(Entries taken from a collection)
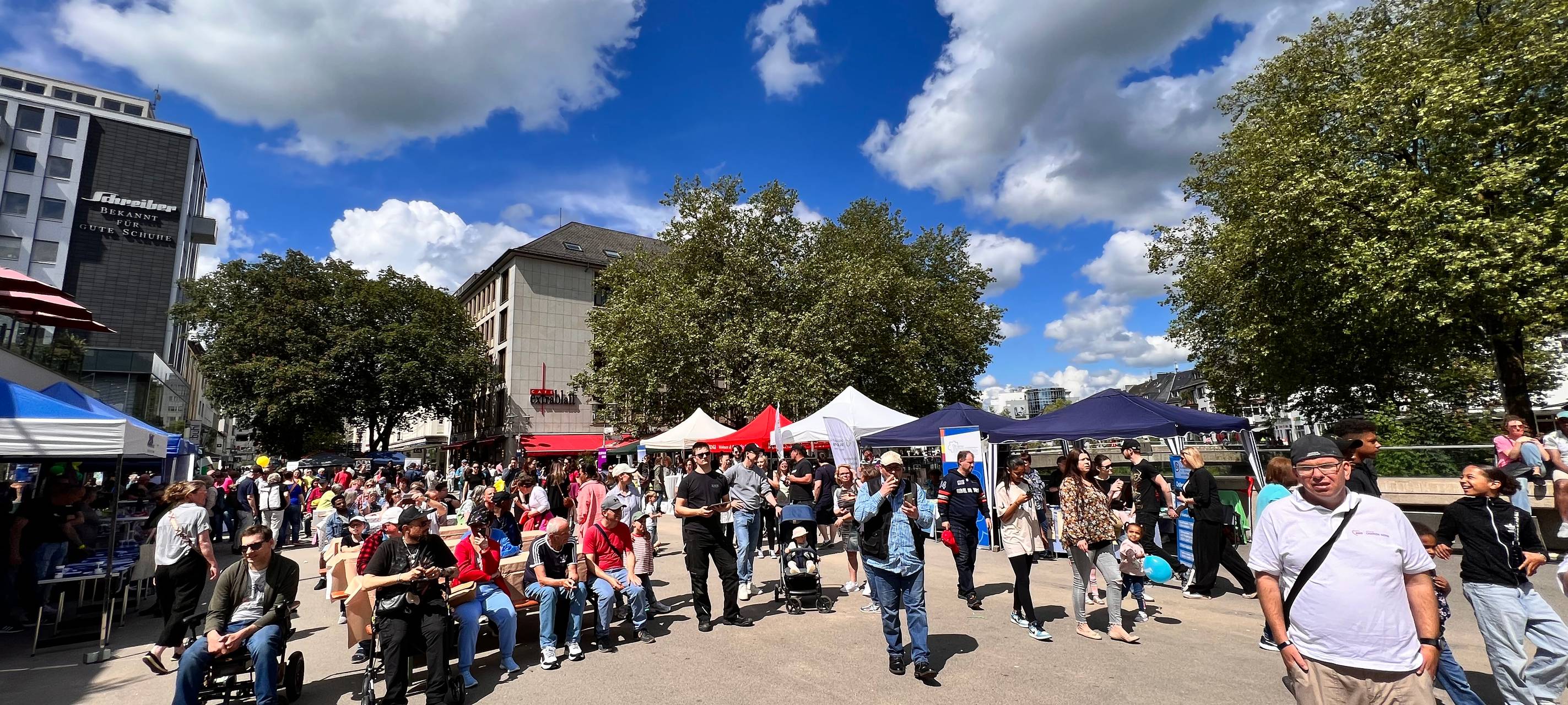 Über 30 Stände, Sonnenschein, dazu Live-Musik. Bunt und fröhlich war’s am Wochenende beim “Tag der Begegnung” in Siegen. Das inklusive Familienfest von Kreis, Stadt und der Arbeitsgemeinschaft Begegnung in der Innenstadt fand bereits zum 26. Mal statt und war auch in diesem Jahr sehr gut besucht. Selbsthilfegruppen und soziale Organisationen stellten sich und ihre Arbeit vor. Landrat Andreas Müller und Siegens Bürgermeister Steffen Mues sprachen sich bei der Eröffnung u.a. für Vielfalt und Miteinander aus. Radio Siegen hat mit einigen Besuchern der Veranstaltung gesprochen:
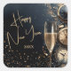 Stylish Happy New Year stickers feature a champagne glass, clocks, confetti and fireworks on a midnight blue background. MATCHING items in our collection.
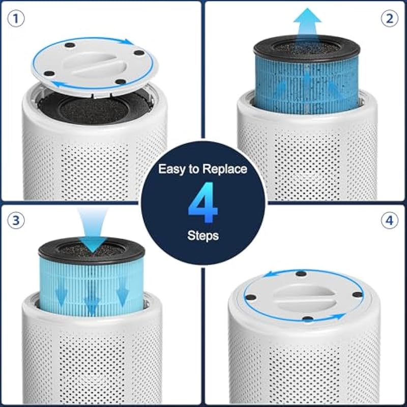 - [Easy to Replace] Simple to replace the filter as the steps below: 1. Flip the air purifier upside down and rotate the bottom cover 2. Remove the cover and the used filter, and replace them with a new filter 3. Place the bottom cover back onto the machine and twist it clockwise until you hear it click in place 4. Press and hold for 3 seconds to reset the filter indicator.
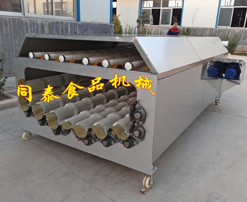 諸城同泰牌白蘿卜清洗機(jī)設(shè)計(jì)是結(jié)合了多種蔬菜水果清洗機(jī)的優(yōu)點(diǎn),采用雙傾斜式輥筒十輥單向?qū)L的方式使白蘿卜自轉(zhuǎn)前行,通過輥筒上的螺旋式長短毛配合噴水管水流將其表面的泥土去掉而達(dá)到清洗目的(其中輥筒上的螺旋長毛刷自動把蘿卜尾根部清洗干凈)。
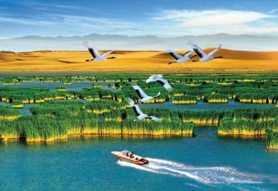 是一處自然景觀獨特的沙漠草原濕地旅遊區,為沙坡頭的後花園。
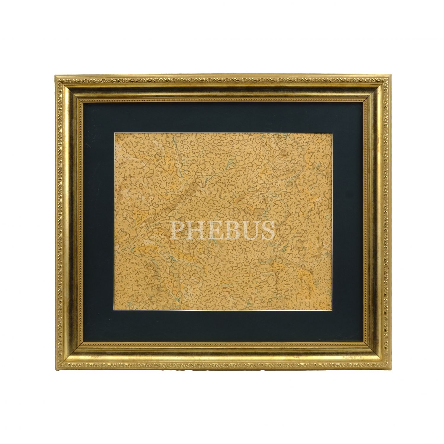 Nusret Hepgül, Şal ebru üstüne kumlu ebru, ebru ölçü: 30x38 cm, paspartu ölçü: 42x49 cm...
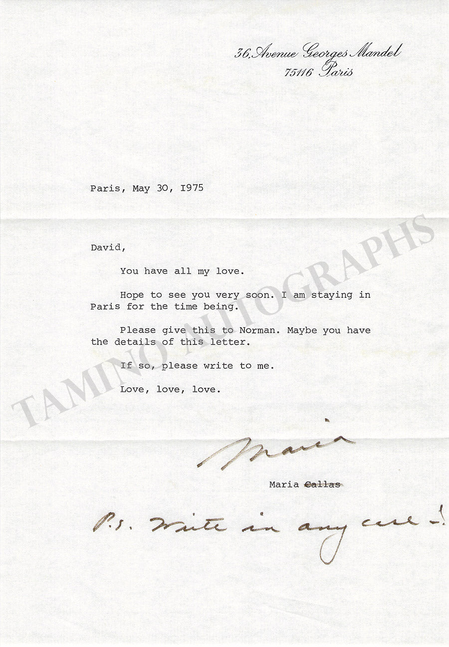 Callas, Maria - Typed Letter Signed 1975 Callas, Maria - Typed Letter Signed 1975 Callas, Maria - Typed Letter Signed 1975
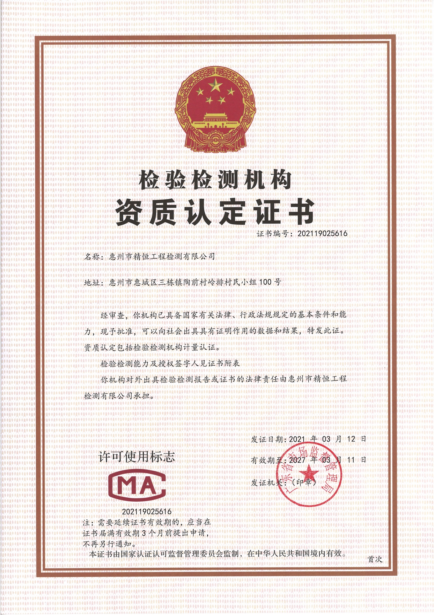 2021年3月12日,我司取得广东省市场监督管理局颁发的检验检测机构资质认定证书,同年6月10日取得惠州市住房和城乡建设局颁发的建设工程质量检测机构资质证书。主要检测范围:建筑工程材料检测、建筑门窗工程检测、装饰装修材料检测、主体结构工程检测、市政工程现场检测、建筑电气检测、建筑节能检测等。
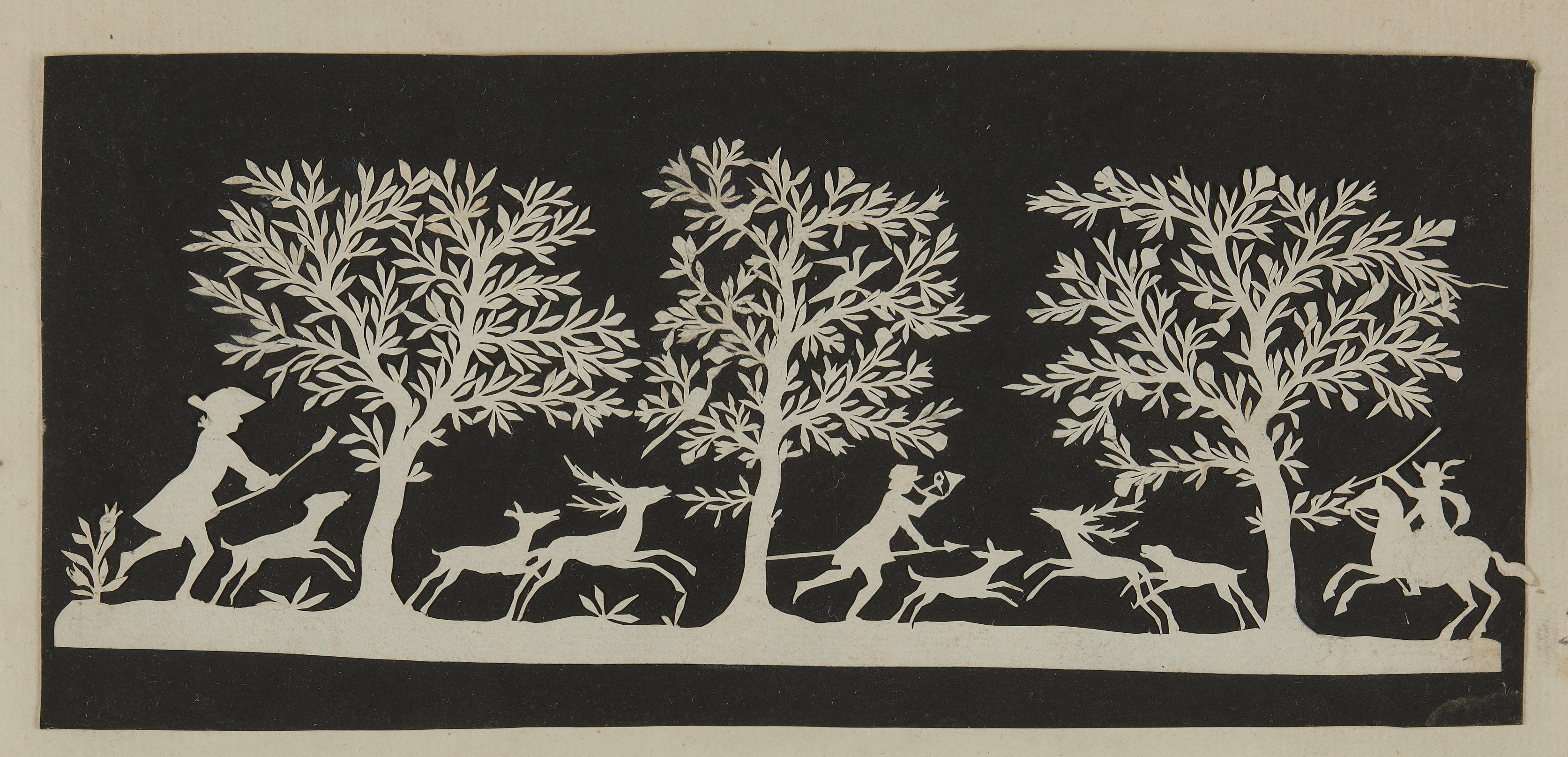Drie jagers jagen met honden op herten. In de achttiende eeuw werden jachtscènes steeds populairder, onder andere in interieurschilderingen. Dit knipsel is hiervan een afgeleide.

* **THE TASK**:
Write out exactly the lines above, from the very first through the line containing "Callas, Maria - Typed Letter Signed 1975 Callas, Maria", both kept, with the pictures removed.

* **WRITTEN RESPONSE**:
 Über 30 Stände, Sonnenschein, dazu Live-Musik. Bunt und fröhlich war’s am Wochenende beim “Tag der Begegnung” in Siegen. Das inklusive Familienfest von Kreis, Stadt und der Arbeitsgemeinschaft Begegnung in der Innenstadt fand bereits zum 26. Mal statt und war auch in diesem Jahr sehr gut besucht. Selbsthilfegruppen und soziale Organisationen stellten sich und ihre Arbeit vor. Landrat Andreas Müller und Siegens Bürgermeister Steffen Mues sprachen sich bei der Eröffnung u.a. für Vielfalt und Miteinander aus. Radio Siegen hat mit einigen Besuchern der Veranstaltung gesprochen:
 Stylish Happy New Year stickers feature a champagne glass, clocks, confetti and fireworks on a midnight blue background. MATCHING items in our collection.
 - [Easy to Replace] Simple to replace the filter as the steps below: 1. Flip the air purifier upside down and rotate the bottom cover 2. Remove the cover and the used filter, and replace them with a new filter 3. Place the bottom cover back onto the machine and twist it clockwise until you hear it click in place 4. Press and hold for 3 seconds to reset the filter indicator.
 諸城同泰牌白蘿卜清洗機(jī)設(shè)計(jì)是結(jié)合了多種蔬菜水果清洗機(jī)的優(yōu)點(diǎn),采用雙傾斜式輥筒十輥單向?qū)L的方式使白蘿卜自轉(zhuǎn)前行,通過輥筒上的螺旋式長短毛配合噴水管水流將其表面的泥土去掉而達(dá)到清洗目的(其中輥筒上的螺旋長毛刷自動把蘿卜尾根部清洗干凈)。
 是一處自然景觀獨特的沙漠草原濕地旅遊區,為沙坡頭的後花園。
 Nusret Hepgül, Şal ebru üstüne kumlu ebru, ebru ölçü: 30x38 cm, paspartu ölçü: 42x49 cm...
 Callas, Maria - Typed Letter Signed 1975 Callas, Maria - Typed Letter Signed 1975 Callas, Maria - Typed Letter Signed 1975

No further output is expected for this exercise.